Mohammad Salem Al Kaabi, member of the board of directors, and member of the team that oversaw the case and the trial, said that the trial of the 20 Egyptian members of the Brotherhood and the 10 Emirati members was transparent, fair and public.
The statement came in a press conference held at the association’s headquarters in Dubai on Tuesday afternoon, following the Federa Court verdict that was made earlier that day in Abu Dhabi.
He added that the “convicts were given the chance throughout the duration of the trial to defend themselves personally, and through the lawyers that they, or members of their family appointed”.
Khalid Al Houssani, Secertary General of the Association, and part of the team that attended the trials, said that the convicts received all their rights that are guaranteed by the UAE law.
“The same team will continue to follow up with the convicts in jail and their families, to ensure they are receiving their full rights,” Al Houssani said.
The team oversaw the trials as well as visited the convicts during the investigation period, when they were at State Security in Abu Dhabi.
Al Kaabi denied reports that the convicts were tortured. “We did not receive any complaints and we personally saw the convicts and there were no signs of torture.”
He said that from the day the convicts were arrested to the day of the verdict, everything was legal and did not breach any laws.
Jameela Rashid Al Hameli, Board member of the association, who also attended the trials said that she only received one verbal complaint from one of the convicts’ wife.
“She said that her husband did not have access to his lawyer, and that he was sick and was not receiving adequate treatment ... so I asked her to send in a written complaint to the association and gave her all the information, but she never filed,” Al Hameli said.
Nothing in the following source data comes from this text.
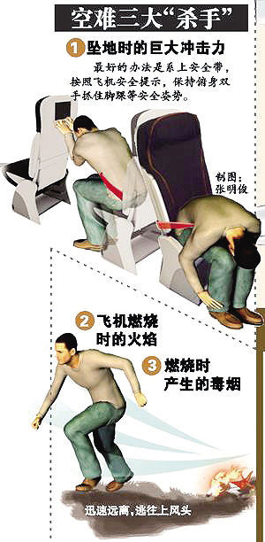 所謂飛機的“黑色10分鐘”,是指絕大多數(shù)空難都發(fā)生在飛機起飛階段的3分鐘與著落階段的7分鐘。但事故一旦發(fā)生,留給機上旅客的逃生時間遠沒有3分鐘、7分鐘這么長。業(yè)內(nèi)人士認為,失事后一分半鐘內(nèi)是逃生的“黃金時間”。此時無論是一個常識的錯誤或是設(shè)備使用的不熟練都足以致命。
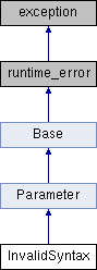 Inheritance diagram for InvalidSyntax:Public Member Functions | |
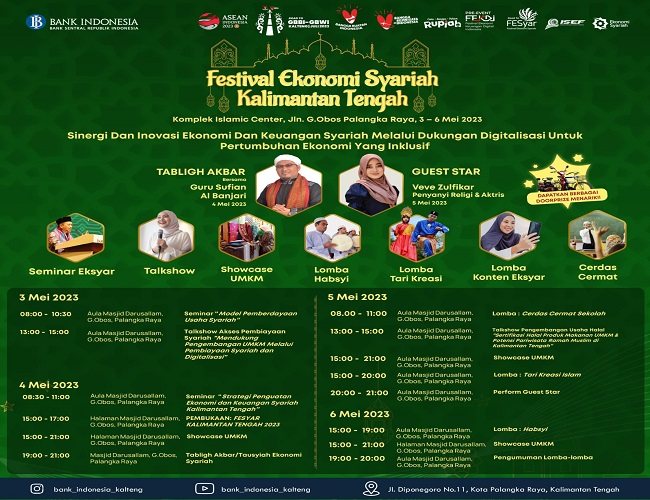 kontenkalteng.com,Palangka Raya-Kantor Perwakilan Bank Indonesia (BI) Kalteng akan menyelenggarakan Festival Ekonomi dan Keuangan Syariah(FESyar) Kalteng 2023 pada tanggal 3-6 Mei 2023 sebagai bukti komitmen Bank Indonesia untuk dorong kemajuan ekonomi syariah di Kalteng.
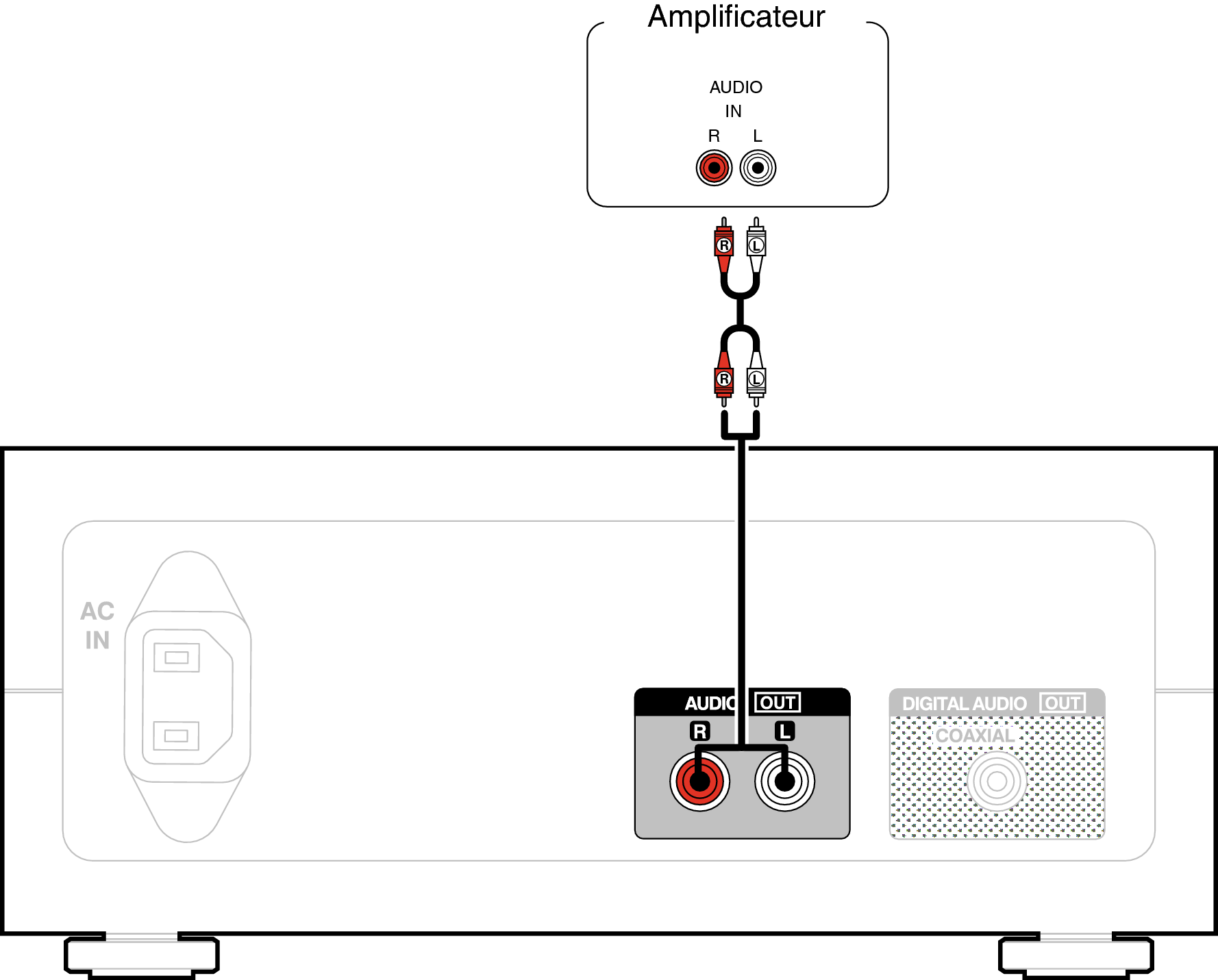 Vous pouvez raccorder cet appareil à un amplificateur à l’aide des bornes d’entrée audio analogique.
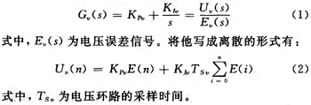 APFC控制原理如下:Boost电路的输出电压,即直流母线电压V0经传感器采样、隔离后送入DSP的ADCIN2口,并转换为数字信号,与参考数字电压Vref比较,其偏差值送入电压控制器Gv,通过纠偏控制使V0与Vref相等,Gv采用数字PI控制,有:
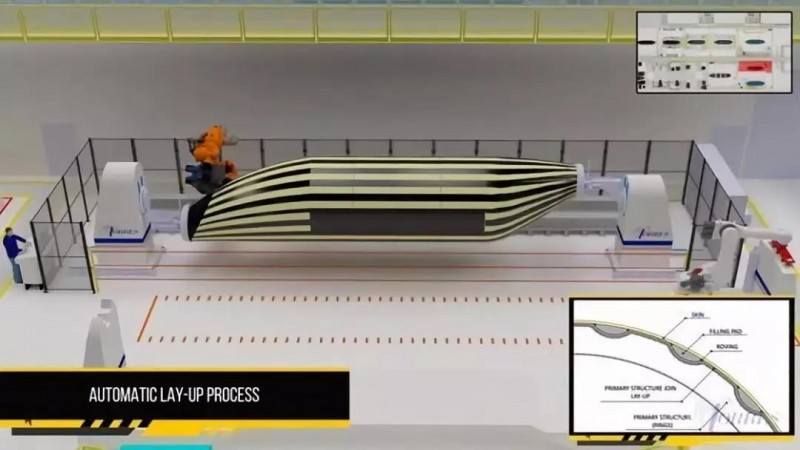 步骤11:上图是生产样机时,铺设外蒙皮的实景图。实际生产过程中还会加入黄铜用于避雷。经过覆膜、送入真空袋、灌注树脂、加热固化之后,机器人对在机身表面切割出门窗。
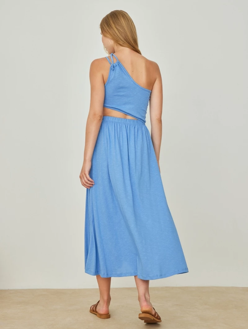 Casual μακρύ φόρεμα με cut outs. Έχει έναν ώμο. Λάστιχο στη μέση.
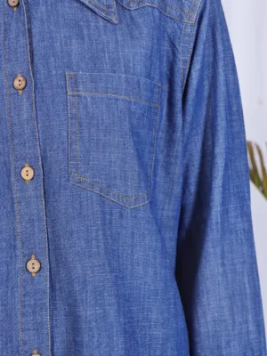 Discover the perfect blend of comfort and style with this solid denim shirt for women. Featuring a front-open design, it offers a modest and fashionable look. Ideal for everyday wear, this shirt combines the latest trends with timeless appeal. Embrace the newest fashion in a piece that’s as comfortable as it is chic.
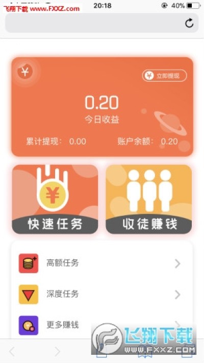 1、用户可以选择接任务赚钱,也可以收徒赚钱;
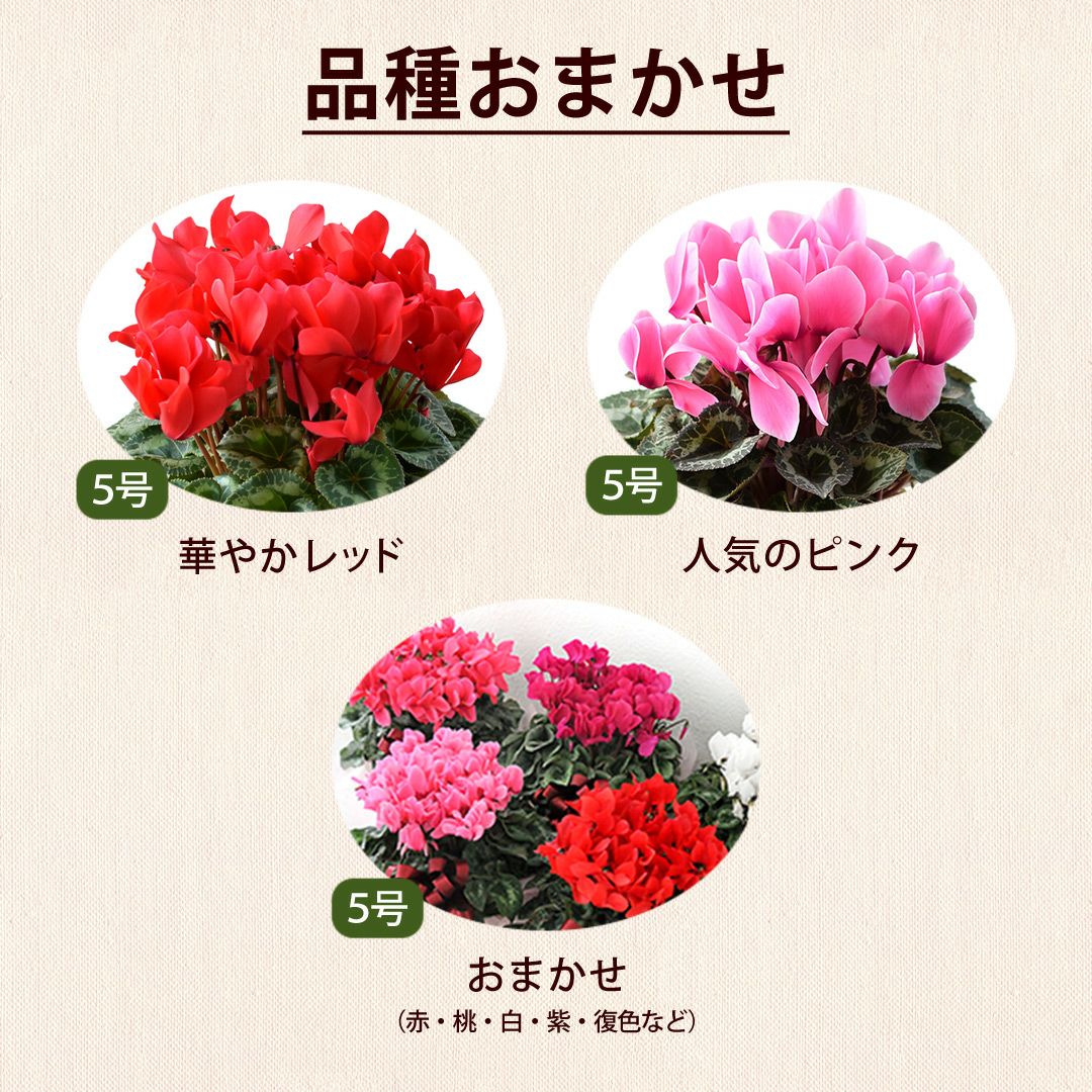 他の画像を見る 送料無料 鉢植え 贈り物にも人気のシクラメン 鉢植え 品種が選べる シクラメン 鉢植え 5号鉢 <バスケット付> 【11月29日~12月25日のお届け】 送料無料 当店特別価格 ¥ 4,480 税込 会員価格あり Web会員様特別価格 ¥ 4,255 税込 在庫切れ 詳細を見る お気に入りに登録する

According to the association’s rules, the association cannot take action unless there is a written complaint.
The team also denied that the convicts had no access to lawyers.
Al Kaabi explained that there were three lawyers appointed to defend those implicated in the case. He said two of the lawyers met with the convicts, while one of the lawyers did not apply for the required permissions to visit his defendants, and that led to the complaints from the convicts that they had no access to a lawyer.
It was the lawyer’s shortcoming, Al Kaabi said, and the UAE should not be blamed for it.